Validate, sanitise, use prepared statements.
Add this line right above the query. Resubmit, copy the string/full query, and execute it in MySQL. What is the error?
echo "insert into tblproduct values('','$_POST[pnm]','$_POST[pdesc]', $_POST[pprice], $_POST[pqty], $dst1,'$_POST[pcategory]')";
Also, as SamA74 pointed out your code is susceptible to SQL injection. Using mysqli alone does not prevent SQL injection. You need to either escape the data or preferably use prepared statements binding user input as parameters separate from the query.
Edit:
I think this is your problem but the query might still fall.

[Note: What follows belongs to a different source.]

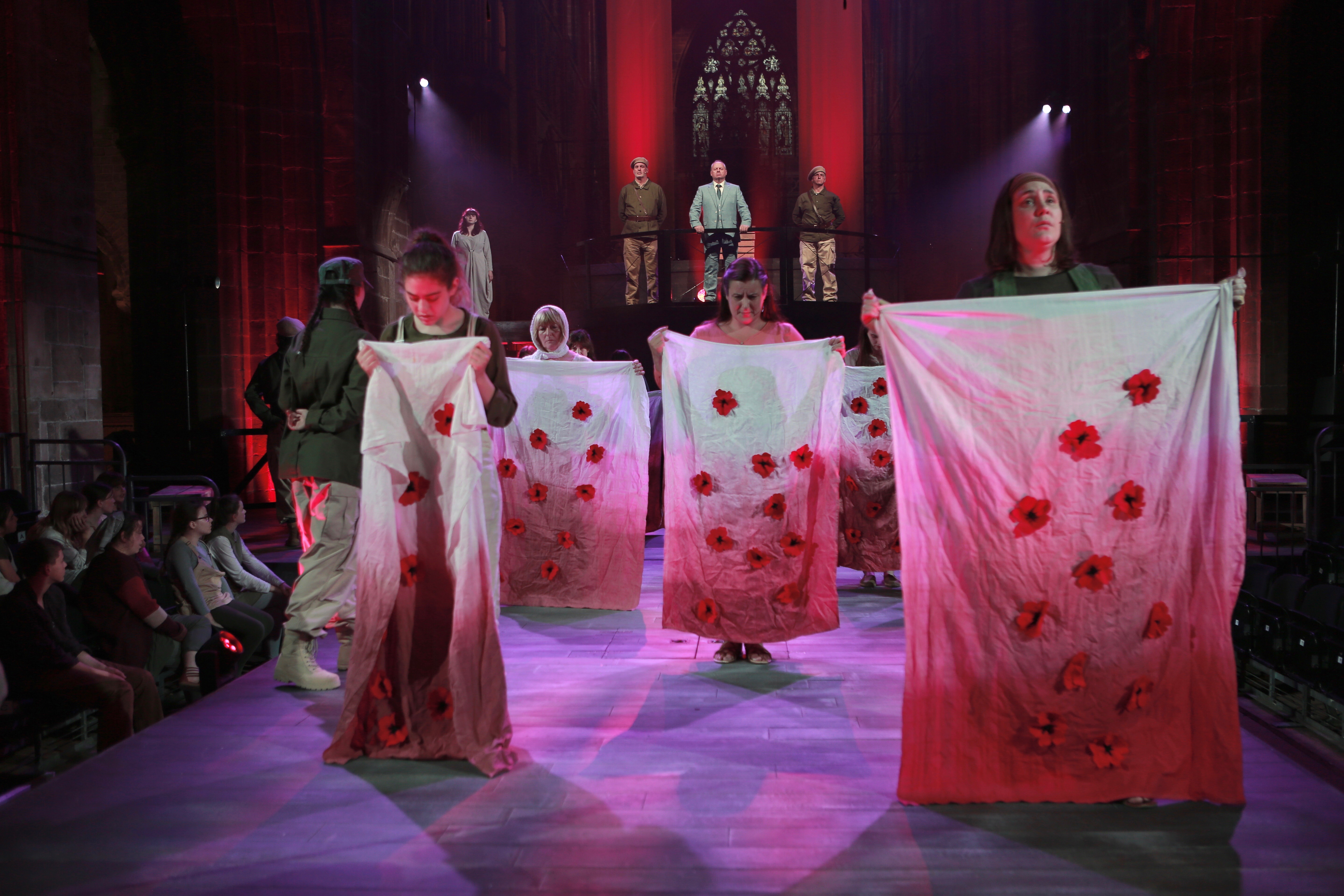 The attention to detail in the art of the play is highly evident in the closing poignant scene of the first half during the killing of the newborns. A blood stained red cloth with poppies is revealed as mothers cry out ‘My son!’ This is undeniably a heartbreaking and emotional point of the tale.

"insert into tblproduct values('','{$_POST['pnm']}','{$_POST['pdesc']}', {$_POST['pprice']}, {$_POST['pqty']}, $dst1,'{$_POST['pcategory']}')"
Note the proper way to embed /access array values in a string.
i have tried writing the table fields like you said SamA74 but it didn’t work. Also should I use a semi colon before each value like you did? Or is it fine if i keep them in $. Also i am doing this for a school project so i am new. It wont be made online so no worries about SQL injection which i dont even know what it means haha.
Zookeeper, i wrote echo before the query but nothing happened.
I wrote the line the same as you however now when i load the page it is just a white screen. It doesnt even et me enter any values.
The :value syntax was representative of how it may be written with “named placeholders” as used in prepared statements. The other method is to simply use a ? as an un-named placeholder.
Well if you are learning about PHP and SQL it’s essential that you do learn about these things.
Although your project may be “safe” while not published on-line, it’s best to learn how to do things the right way for when the day comes that your work is published.
Yes i see the difference and have replaced it but the website turns to white screen when i load it. Also thanks SamA74 i’ll be sure to read up on SQL injection.
To expand on that, you should always have error reporting, but in the development environment you may “display errors” and in a live production environment you should never display errors, but do log them.
If you use display errors (for dev env), they should be printed on your screen.
If you log errors (for live env) they should be written to the error log file.
I wasn’t aware of that as I have never done it that way, with the first column generally being an ID with AI, though I did wonder if that were the case after posting.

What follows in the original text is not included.